▶ _Goal of the exercise_
When you reach the line with "Remove the pan" in the records below, begin transcribing exactly and continue up to and including the line with "Food Art Miniature", leaving out every picture.

▶ _Data to process_
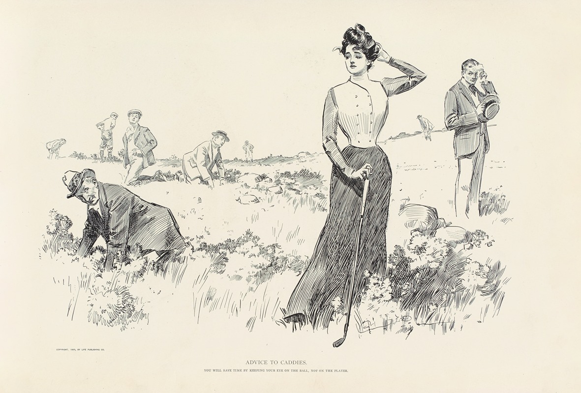 "Advice to Caddies" is an illustration by Charles Dana Gibson, an influential American graphic artist best known for his creation of the "Gibson Girl," a representation of the idealized American woman at the turn of the 20th century. Gibson's work was widely published in magazines such as Life, Harper's Weekly, and Scribner's, making him one of the most prominent illustrators of his time.
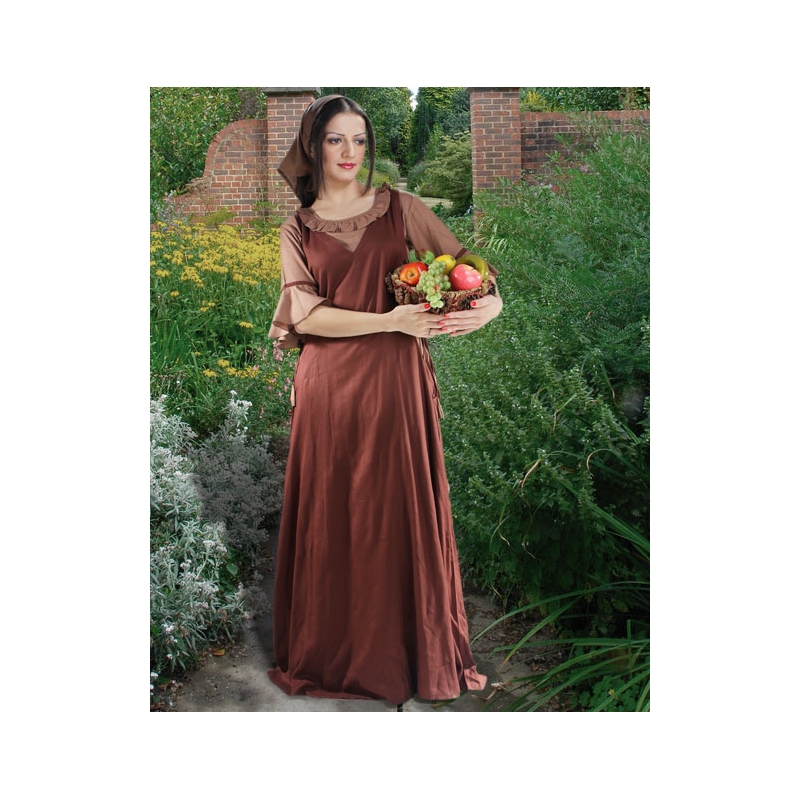Středověké Šaty Amah. Hnědý středověký kostým pro dámy. Historické a fantasy kostýmy. 4 velikosti.
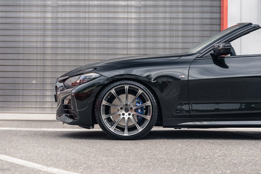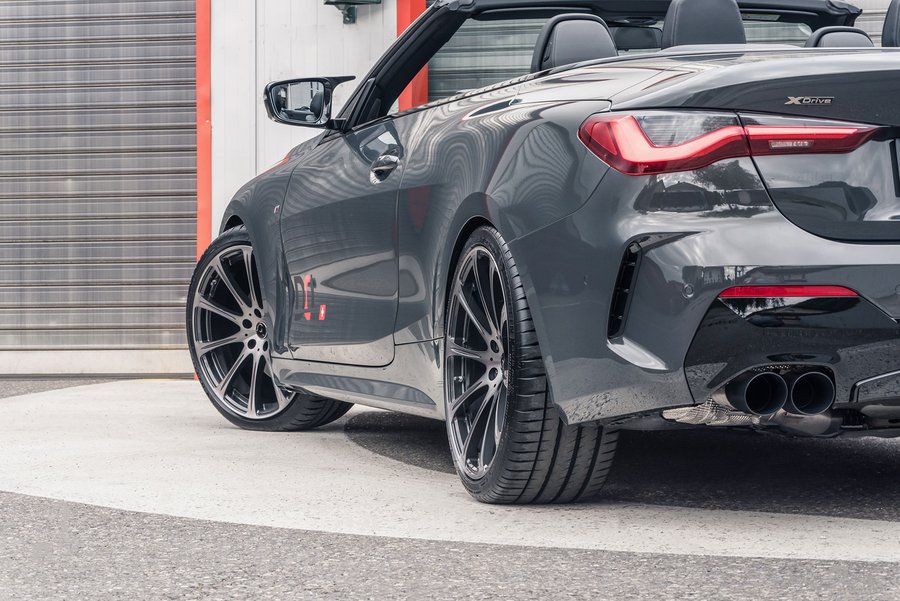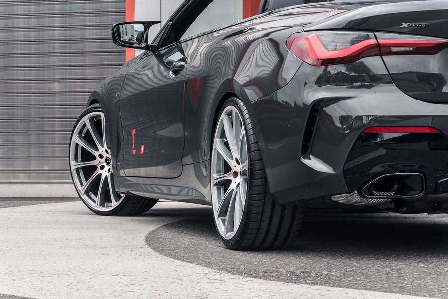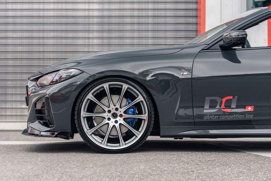 Der Leckerbissen und die wahre Grösse für den 4er G23 Cabrio: dÄHLer verpasst Ihrem BMW G23 Cabrio den letzten Schliff – mit dem stylischen, hochwertigen, exklusiven und ultraleichten 20-Zoll-Schmiederad «dÄHLer CDC1 FORGED». Unter Einsatz modernster Fertigungstechnik hat dÄHLer ein Rad konzipiert, welches mit grösster Festigkeit, bei gleichzeitig niedrigstem Gewicht, höchste Ansprüche bezüglich Fahrdynamik und Komfort erfüllt. Die Abmessungen: vorne 9 x 20 Zoll mit der Bereifung 235/35 und hinten 10 x 20 Zoll mit 275/30 (Michelin Pilot Sport 4s).
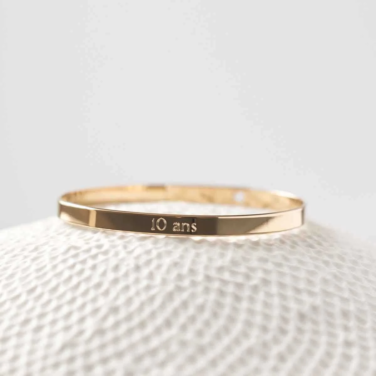 Le bracelet jonc personnalisé trône parmi les bijoux femme les plus intemporels. Son design épuré et raffiné fait de lui l’accessoire indispensable pour parfaire une tenue ! Simplement beau, ce bijou saura vous sublimer.
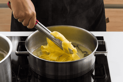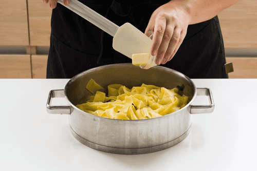 Remove the pan from the heat and stir in the remaining cold butter into the pasta with vigorous bottom-up movements.
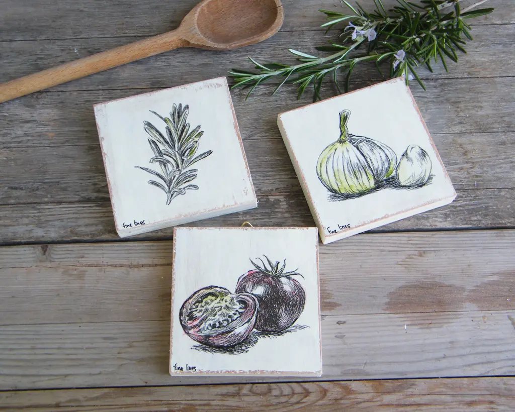 Food Art Miniature Paintings Set Of 3 Rustic Kitchen Decor
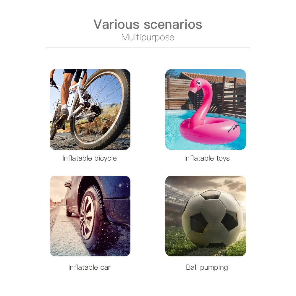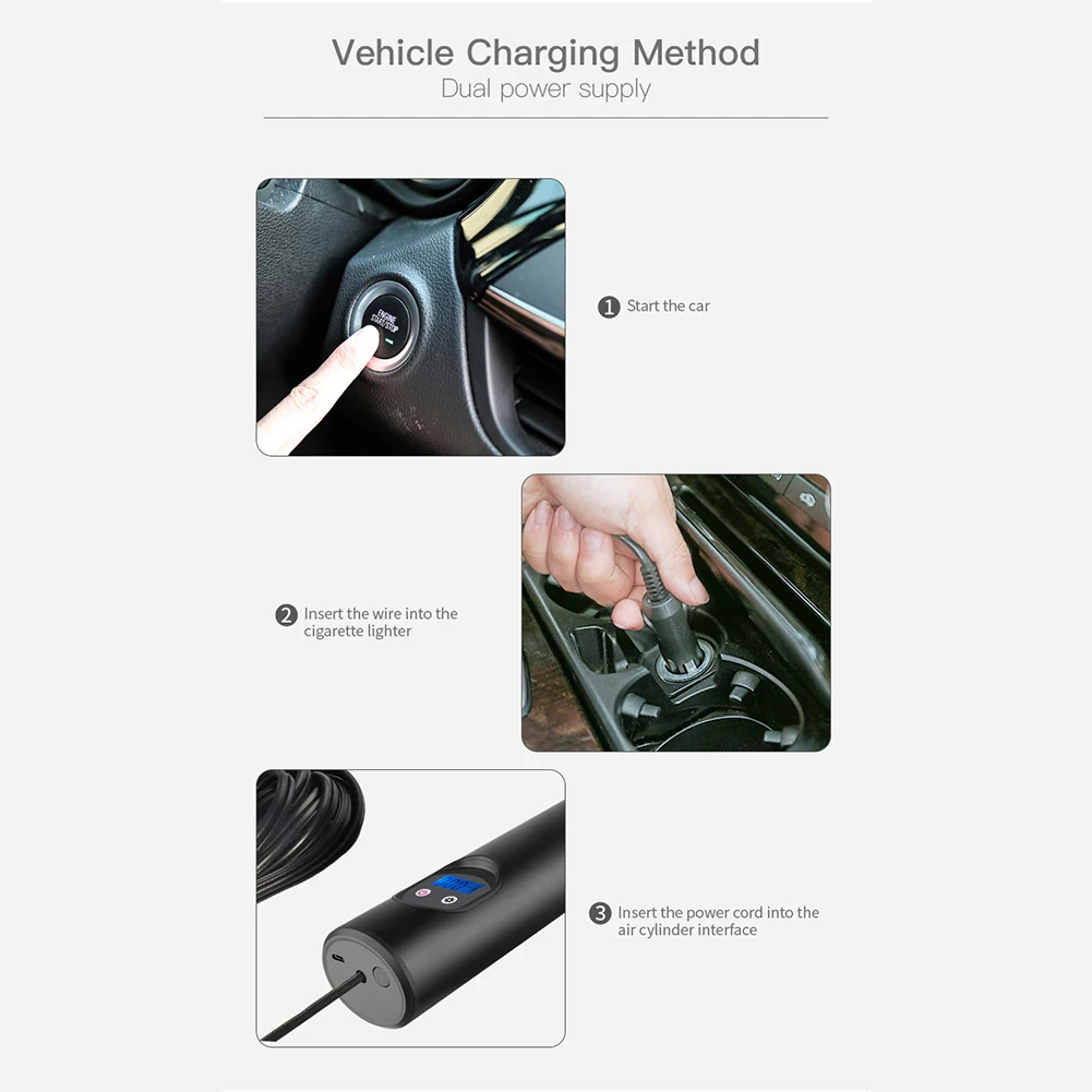 2020 Модернизированная версия насоса, встроенный литиевый аккумулятор 6000 мАч: мини-корпус, сверхбольшая емкость, 6000 мАч. Перезаряжаемый воздушный компрессор можно заряжать в аварийной ситуации. Зарядка через настроенный Micro USB (Примечание: Пожалуйста, не запускайте насос, когда зарядное устройство USB находится в зарядном состоянии); Автомобильное зарядное устройство может напрямую питаться и не накачиваться во время зарядки. СВЕТОДИОДНЫЙ цифровой манометр с подсветкой: четыре единицы переключения PSI / BAR / KPA / KG / CM. Вы можете установить давление в шинах в соответствии с потребностями шин и испытать давление в шинах в любое время. Когда надувание достигнет заданного значения, воздушный насос автоматически остановит надувание, что поможет избежать чрезмерного надувания. Суперъяркий светодиодный фонарик: шесть высокоглянцевых бусин в темноте, воздушный насос оснащен высокоглянцевым COB, чтобы удовлетворить ваши неотложные потребности. Цифровой ЖК-дисплей имеет подсветку, что удобно для чтения цифр ночью. Защита от низкого напряжения: встроенное устройство защиты аккумулятора. Когда напряжение слишком низкое, он автоматически отключит питание, и аккумулятор не будет чрезмерно разряжен в течение длительного времени. Максимальное давление надувания составляет 150 фунтов на кв. дюйм, подходит для автомобильных велосипедов, мотоциклов, мячей, плавательных колец, надувных игрушек и других надувных игрушек. Миниатюры занимают мало места: компактный миниатюрный миниатюр Советы: Пожалуйста, внимательно прочтите инструкцию перед использованием!

▶ _Result of the task_
 Remove the pan from the heat and stir in the remaining cold butter into the pasta with vigorous bottom-up movements.
 Food Art Miniature Paintings Set Of 3 Rustic Kitchen Decor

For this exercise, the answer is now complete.